Jak cyberprzestępcy wykorzystują pliki cookie?

Przeczytaj także: Pliki cookies - czym są i jak je usunąć?

Dlaczego cyberprzestępcom zależy na ciasteczkach?

Sesyjne pliki cookie, zwane też „ciasteczkami”, są zbierane i przechowywane przez przeglądarkę internetową do momentu jej zamknięcia lub wylogowania się ze strony internetowej. Zawierają m.in. informacje o otwieranych stronach internetowych i identyfikują przeglądarkę, z której użytkownik łączy się z serwisem.
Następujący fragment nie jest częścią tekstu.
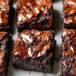 - Cool and Serve: Remove the pan from the oven and allow the brownies to cool completely in the pan. Use the parchment paper overhangs to lift the brownies out for easy cutting. Optionally, sprinkle some flaky sea salt on top to enhance the flavor before slicing into squares and serving.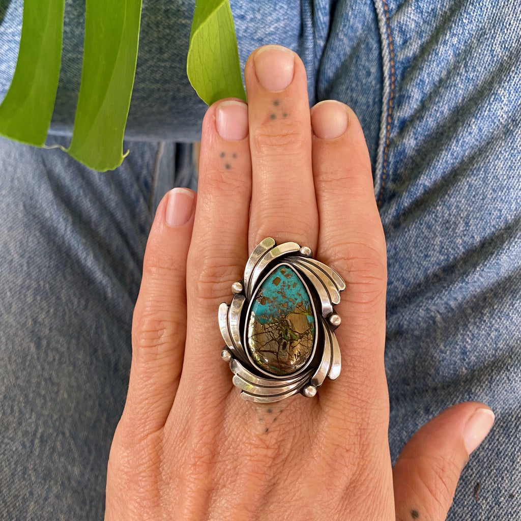 The Wave ring features a gorgeous piece of shimmering Morenci II turquoise. This stone, with its bright blue color and loads of golden pyrite, is set in a piece inspired by cresting and breaking ocean waves. Completely handmade and featuring contoured sterling silver fan details and petite silver bubble accents, this oceanic statement piece is perfect for daily wear all year round.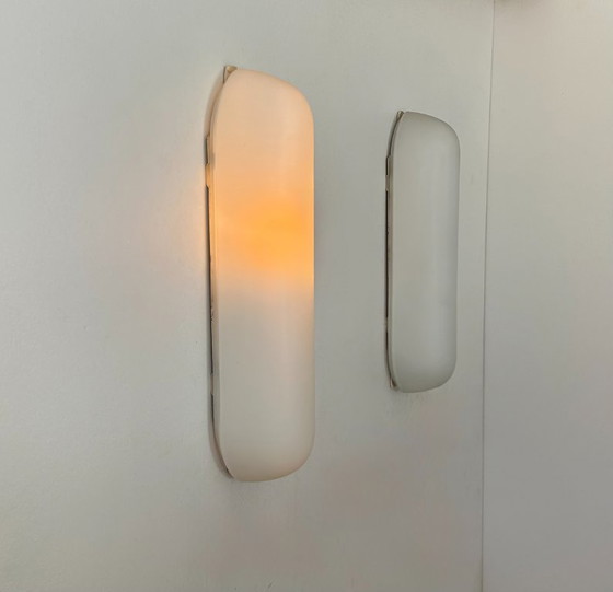 Coppia di applique oblunghe con struttura in metallo bianco opaco e diffusore opalino, prodotte in Francia negli anni Settanta.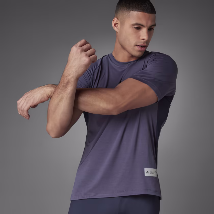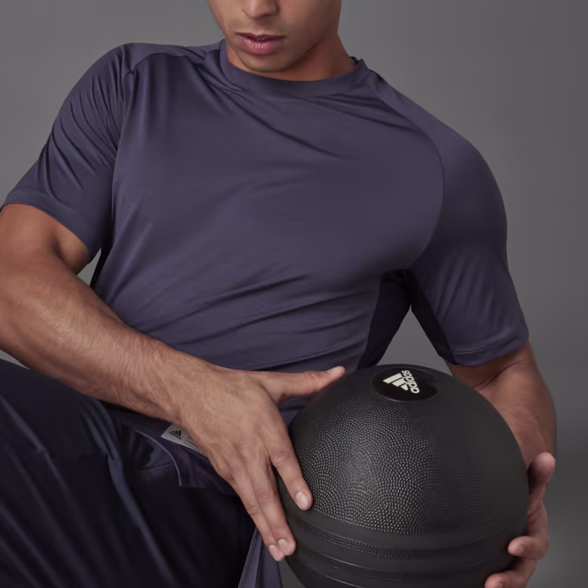 Unlock your better self. Work out any way you want when you're wearing this adidas t-shirt made for movement. You'll feel comfortable, thanks to AEROREADY, which manages moisture when things ramp up. The design gives you full range of motion, so go ahead and do another overhead lift.Made with 100% recycled materials, this product represents just one of our solutions to help end plastic waste.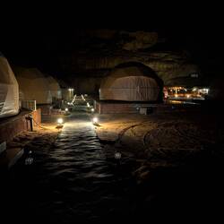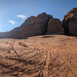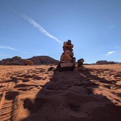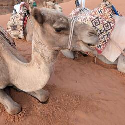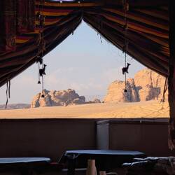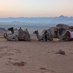 #After visiting Petra, Wadi Rum was next on our list. A desert! Our driver took us to the meeting point, where someone from the camp picked us up. It wasn’t quite as rustic as it used to be—our bubble tent had air conditioning and a private bathroom. There was even hot water, and in the evenings, the AC worked perfectly well as a heater 🙏.Two days of adventure and tradition awaited us. They called it a “jeep tour” here, but in reality, they were pickup trucks with seats in the back—just like the ones you’d see in Africa. We visited many famous movie locations: Dune, Star Wars, Aladdin, The Martian, Indiana Jones, and more. It was truly impressive to see it all in person!We climbed up several rock formations—some easier than others 😅. Before and after dinner, everyone gathered around the fire for tea 🔥. Later in the evening, we went stargazing 🌌—absolutely breathtaking! Our guide, a Bedouin, made delicious tea, and we sat together around the fire in the middle of the desert.Before breakfast, we set off on our 🐫 camel tour. At sunrise, we got to ride these large, gentle animals for a while. Anna was a bit more hesitant than Michael, but both made it safely back to camp. For the second sunset, we sat once again in the sand with tea and shawarma, enjoying the peaceful time together. Our guide was incredibly warm-hearted—and made the best tea 💕.Dinner was partly cooked in the traditional way, underground. Meat, rice, and vegetables were left to cook for about two hours. In addition, there were countless salads, vegetables, hummus, and warm lamb dishes. It was absolutely delicious 🤤. Wadi Rum said goodbye with rain, and our journey continued toward the Dead Sea.Read more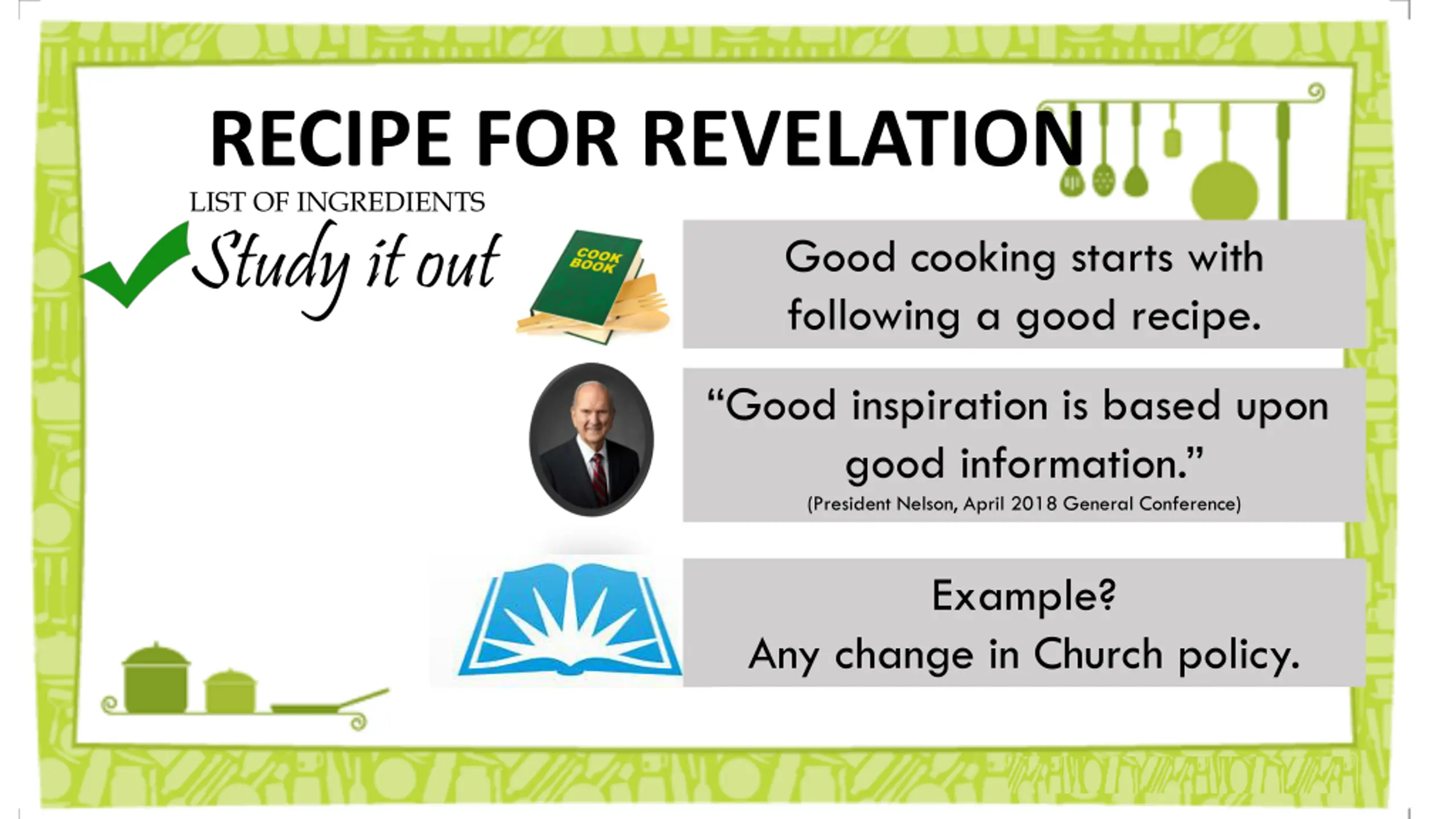 RECIPE FOR REVELATION LIST OF INGREDIENTS Study it out Good cooking starts with following a good recipe. Good inspiration is based upon good information. (President Nelson, April 2018 General Conference) Example? Any change in Church policy.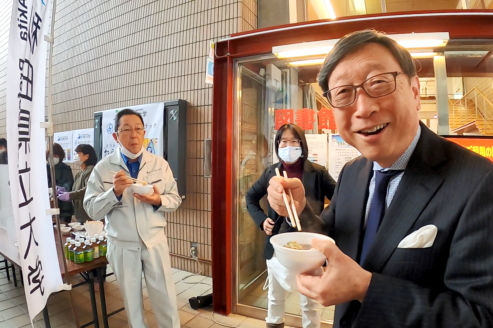 『まんぷくすらり』を使った「きりたんぽ」と「味噌」がお披露目されました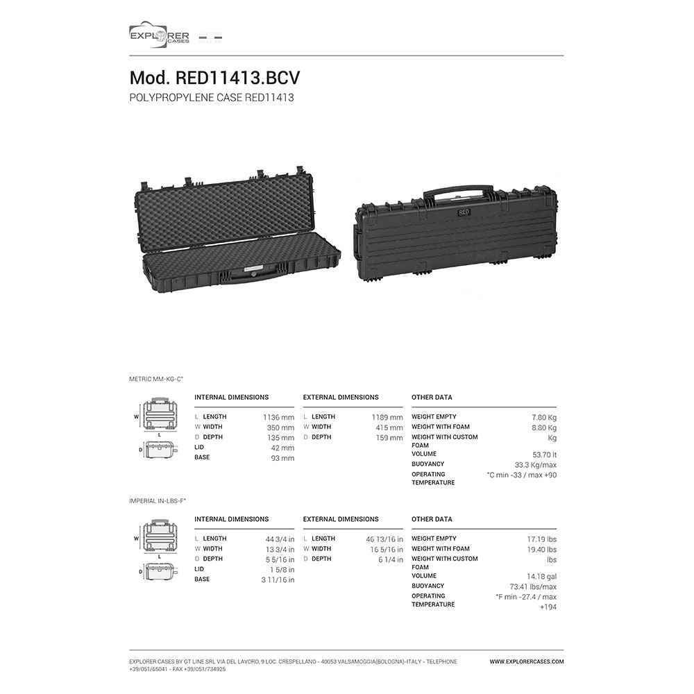 8024482182995 Der bestmögliche Schutz für Dein bestes Stück - Der ultimative Waffenkoffer mit einer Vielzahl von Funktionen in höchster Qualität, hergestellt von Explorer Cases in Italien. Spezifikationen: Länge: 1189mm (1136mm innen) Breite: 415mm (350mm innen) Tiefe: 159mm (135mm innen) Gewicht: 8,80kg (7,80kg Leergewicht ohne Einlage) Farbe: Schwarz Einlage: solider Schaumstoff Nicht zu verwüsten Die Waffenkoffer von Explorer Cases verfügen über korrosionsbeständige Metallscharniere, welche den Deckel zudem in der gewählten Position fixieren. Sei Dir sicher, dieser Waffenkoffer wird sehr lange dein Begleiter sein. Dank der hochwertigen Verschlussriegel sind die Waffenkoffer immer perfekt gesichert. Die O-Ring Dichtung macht sie zudem in hohem Maße wasserdicht. Alle Waffenkoffer sind mit einem manuellen Druckausgleichungsventil ausgestattet. Daher kannst Du sicherstellen, dass genügend Luft aus dem Gehäuse austritt, damit Du keine Probleme haben wirst, den Koffer zu schließen. Genauso wie Du es möchtest Die Gehäuse sind mit internen Aussparungen für optionale interne Halterungen oder Montageringe versehen, sodass Du alles genau so aufbewahren kannst, wie es für deine Anforderungen am geeignetsten ist. Jeder einzelne Koffer kommt mit einem wasserfesten abnehmbaren PVC-Etikett, mit welchem du deine Ausrüstung beschriften kannst oder deine Daten hinterlegen kannst. Der Koffer kann entweder traditionell über den großen Frontgriff oder über optional erhältliche Schultergurte, welche sich ganz einfach an jedem Modell befestigen lassen, transportiert werden. Die Mod Red 11413 Serie kann zudem auch als Rollkoffer gezogen werden.Lieferzeit ca. 3-6 Werktage.
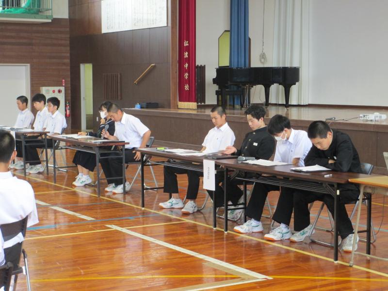 松波中学校は定期テストという形をとっています。期末テストに向けて、本日の話と中間テストの反省を今月の学習に活かしていってほしいです。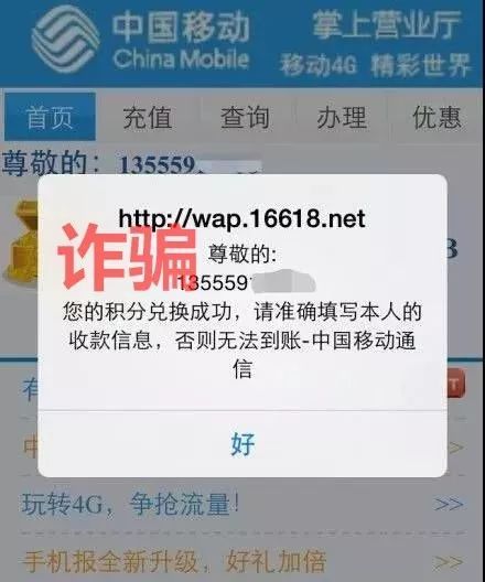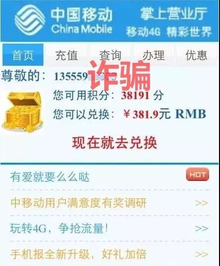 另外,关于移动积分兑换,目前只有通过官网积分商城一种方式,并且一般是话费、礼品等,绝不会以现金形式,更不会要求用户提供银行账号、身份证、密码等个人信息。”,类似网址尽量不要点击,以防中毒后个人信息泄露造成损失。网友出现了受骗的情况,移动公司表示非常同情和理解,但是移动公司也是受害者,对于这样的冒充诈骗行为也没有办法,只能建议网友报警。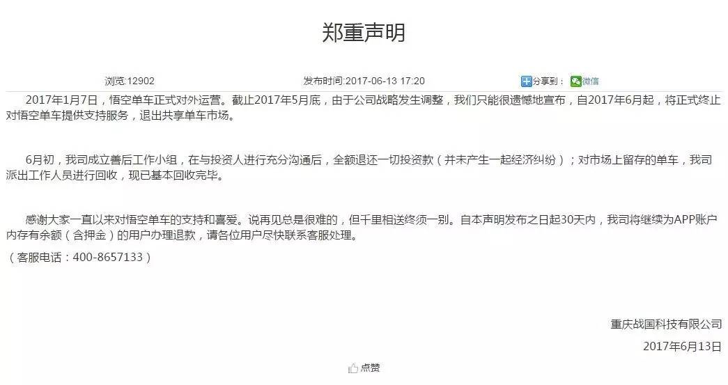 共享单车市场似乎一片欣欣向荣。然而,就在 6 月 13 日重庆的悟空单车却突然宣布终止对旗下单车的维护,成为共享单车行业第一个退出的玩家,悟空单车猝死的原因跟大部分创业团队一样,死于资金问题,没有资本的输血,这家成立不到半年的企业就此倒下。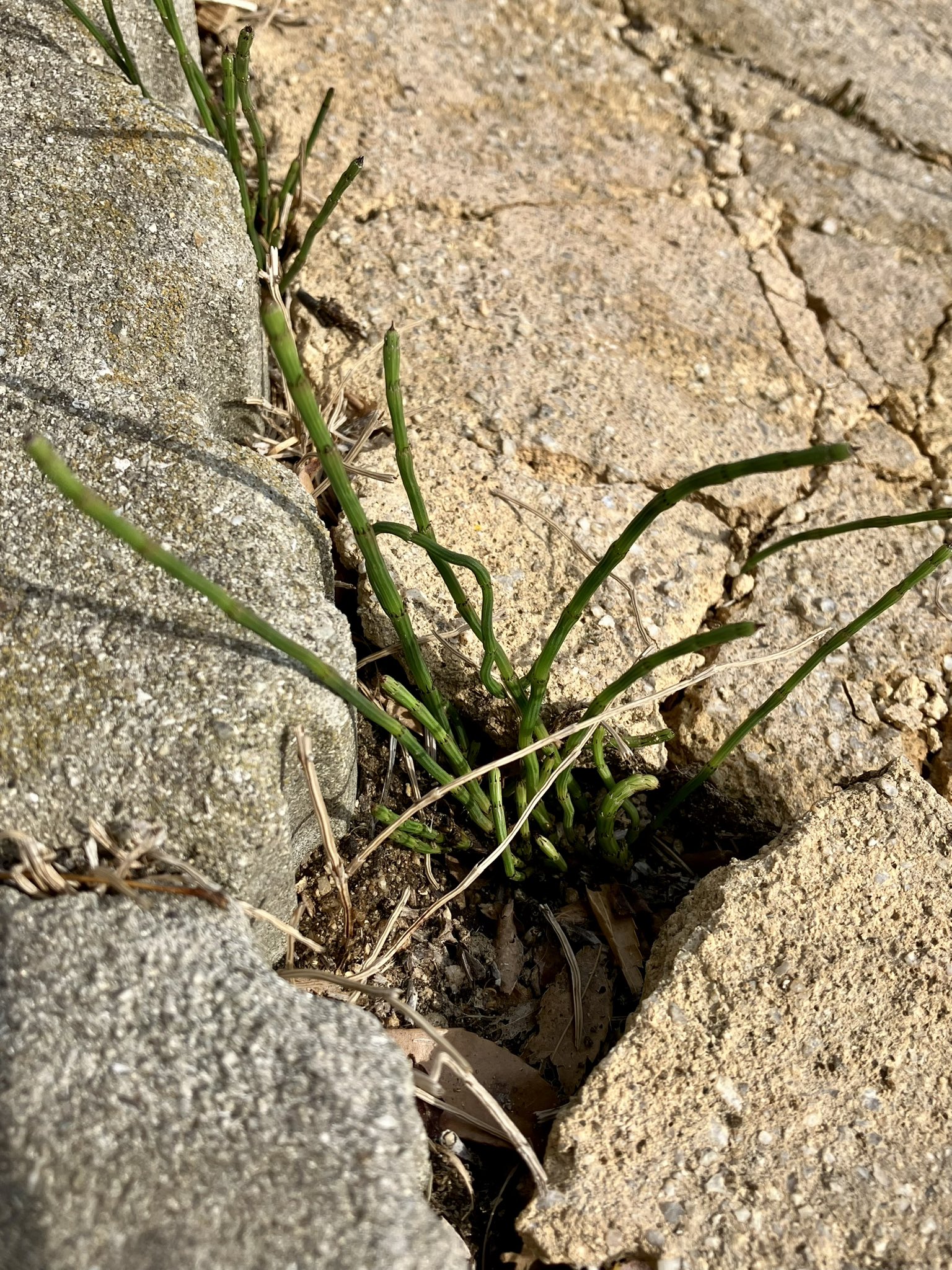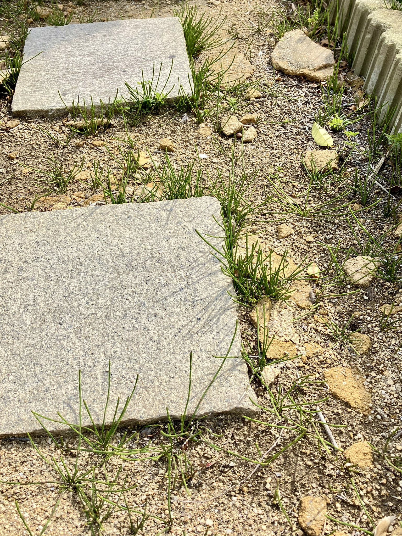 固まる土をぶち抜いて新たな生え場所を作ろうとしてくるイヌドクサ。もう全然普通に割って伸びてきてるの怖すぎる。多分固まる土が経年劣化で脆くなってるせいもあるんだろうけど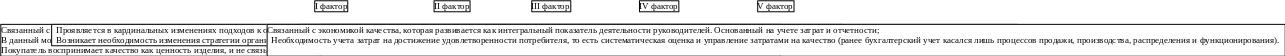 Объединение сразу и навсегда пяти факторов: постоянное увеличение удовлетворенности потребителя; эффективное управление производственными затратами; эффективное использование людских ресурсов; тесное сотрудничество с поставщиками; отвественность за охрану окружающей среды и перед обществом в целом;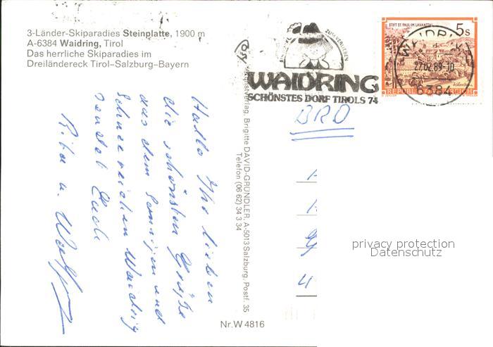 71939072 alte Postkarte Waidring Tirol Ortsansicht Skiparadies Steinplatte postalisch gelaufen Erhaltung siehe scans KatCode: 11390335070419

W ostatnim roku zauważyliśmy, że kradzieże plików cookie są coraz częstsze. Przejęcie takich uwierzytelniających „ciasteczek”, znanych również jako tokeny dostępu, pozwala obejść dwuskładnikowe uwierzytelnianie stosowane przez coraz więcej firm – mówi Grzegorz Nocoń, inżynier systemowy w firmie Sophos. – Jeśli atakujący wejdą w posiadanie sesyjnych plików cookie, zyskują możliwość swobodnego poruszania się po sieci, podszywając się pod prawdziwych użytkowników.

Po uzyskaniu dostępu do firmowych systemów, atakujący mogą wykorzystać pliki cookie do dalszych działań, takich jak przejęcie dostępu do poczty elektronicznej, modyfikacja danych lub repozytoriów kodu źródłowego czy próby wyłudzenia dostępu do dodatkowo zabezpieczonych zasobów.

Ciasteczka wyjątkowo groźną bronią w arsenale cyberprzestępców

Skradzione pliki cookie mogą posłużyć do ataku typu „pass-the-cookie”. Przestępcy z ich pomocą oszukują przeglądarkę i podają się za uwierzytelnionego użytkownika, np. pracownika firmy, co pozwala też ukryć ich złośliwe działania w firmowej sieci. Jest to możliwe, ponieważ token dostępu jest tworzony i przechowywany w przeglądarce podczas korzystania z uwierzytelniania wieloskładnikowego.

Problem jest o tyle poważny, że wiele legalnych aplikacji internetowych posiada stałe pliki cookie, które są przechowywane do momentu wylogowania się użytkownika, a czasem nigdy nie tracą one ważności.

Cyberprzestępców ogranicza jedynie kreatywność

Nawet początkujący cyberprzestępcy mogą skutecznie przejmować dane uwierzytelniające. Wystarczy kupić trojana wykradającego informacje, aby masowo zbierać takie dane jak hasła i ciasteczka, a następnie sprzedawać je na czarnym rynku. Tego typu informacje mogą być przydatne dla innych przestępców, na przykład operatorów oprogramowania ransomware – tłumaczy Grzegorz Nocoń. – Lista złośliwych działań, które atakujący mogą przeprowadzić za pomocą skradzionych plików cookie, właściwie nie ma końca. Jedynym ograniczeniem jest ich kreatywność.

Rozwiązaniem zapewniającym większe bezpieczeństwo może wydawać się regularne czyszczenie plików cookie i innych informacji uwierzytelniających w przeglądarkach. Jednak zaostrzenie zasad dotyczących ciasteczek wiąże się z pewnymi kompromisami. Skrócenie okresu ich ważności oznacza konieczność częstego logowania się przez użytkowników.

Według eksperta Sophos, aby zapewnić sobie odpowiednią ochronę, firmy powinny korzystać z narzędzi, które umożliwiają skuteczne wykrywanie złośliwego oprogramowania, zwłaszcza za pomocą analizy behawioralnej.